I have built the regex, but need to not match .dat
[\w\s:\.\\]*[^~]$[^\.dat]
[\w\s:\.\\]* This matches all words, whitespace, the colon, periods, and backspaces.
[^~]$[^\.dat]$ This causes matches ending in '~' to fail. It seems that I should be able to follow up with a negated match for '.dat', but the match fails in my regex tester.
I think my answer lies in grouping judging from what I've read, would someone point me in the right direction? I should add, I am using a file watching program that allows regex matching, I have only one line to specify the regex.
This entry seems similar: Regex to match multiple strings
You want to use a negative look-ahead:
^((?!\.dat$)[\w\s:\.\\])*$
By the way, your character group ([\w\s:\.\\]) doesn't allow a tilde (~) in it. Did you intend to allow a tilde in the filename if it wasn't at the end? If so:
^((?!~$|\.dat$)[\w\s:\.\\~])*$
The following regex:
^.*(?<!\.dat|~)$
matches any string that does NOT end with a '~' or with '.dat'.
^ # the start of the string
.* # gobble up the entire string (without line terminators!)
(?<!\.dat|~) # looking back, there should not be '.dat' or '~'
$ # the end of the string
In plain English: match a string only when looking behind from the end of the string, there is no sub-string '.dat' or '~'.
Edit: the reason why your attempt failed is because a negated character class, [^...] will just negate a single character. A character class always matches a single character. So when you do [^.dat], you're not negating the string ".dat" but you're matching a single character other than '.', 'd', 'a' or 't'.

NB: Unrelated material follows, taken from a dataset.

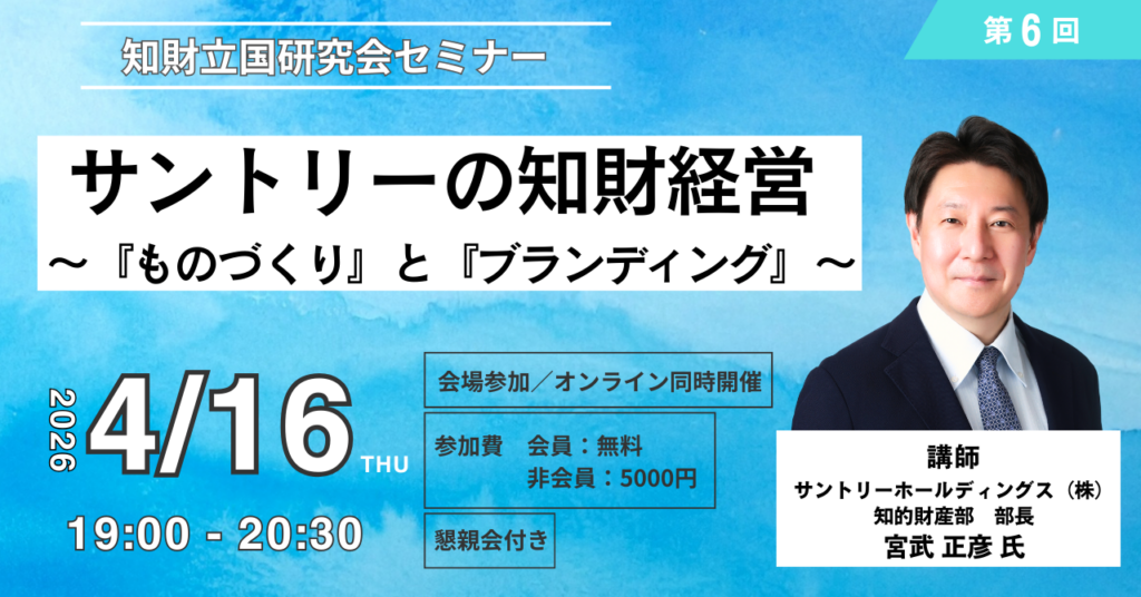知財立国研究会セミナーサントリーの知財経営 ~『ものづくり』と『ブランディング』~【2026年4月16日(木)19:00~】
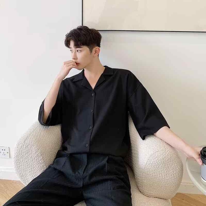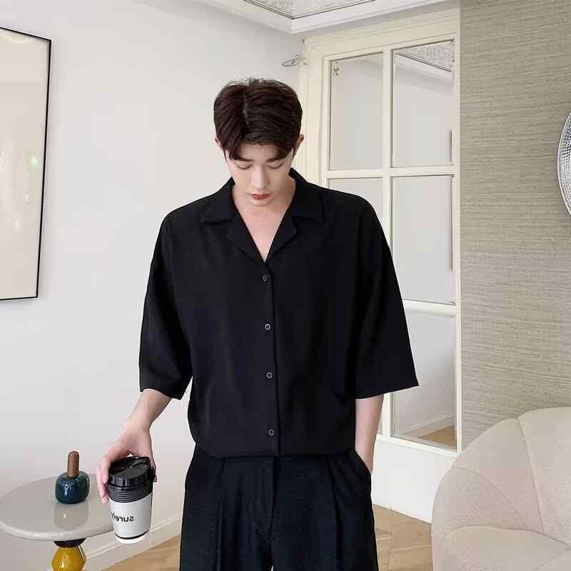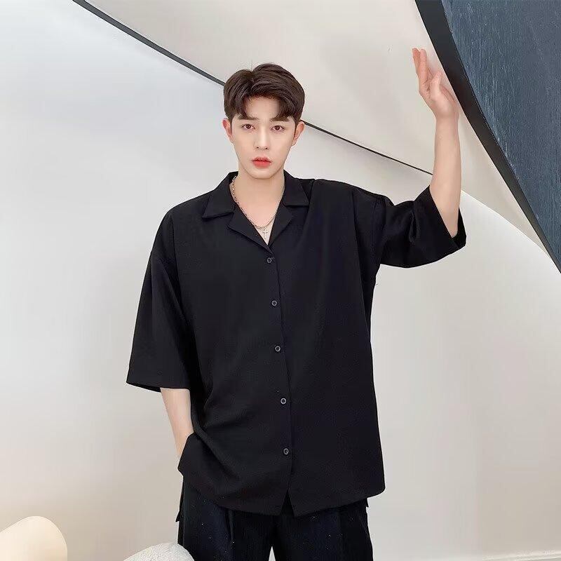 シャツ メンズ トップス 高級感 上品 洗練 こなれ感 スタイリッシュ カジュアル 七分袖 半袖 個性的デザイン 韓国風 ポリエステル素材 通気性 薄手 襟付き シワになりにくい ブラック ホワイト

^((?!\.dat$)[\w\s:\.\\])*$
This is just a comment on an earlier answer suggestion:
. within a character class, [], is a literal . and does not need escaping.
^((?!\.dat$)[\w\s:.\\])*$
I'm sorry to post this as a new solution, but I apparently don't have enough credibility to simply comment on an answer yet.
I believe you are looking for this:
[\w\s:\.\\]*([^~]|[^\.dat])$
which finds, like before, all word chars, white space, periods (.), back slashes. Then matches for either tilde (~) or '.dat' at the end of the string. You may also want to add a caret (^) at the very beginning if you know that the string should be at the beginning of a new line.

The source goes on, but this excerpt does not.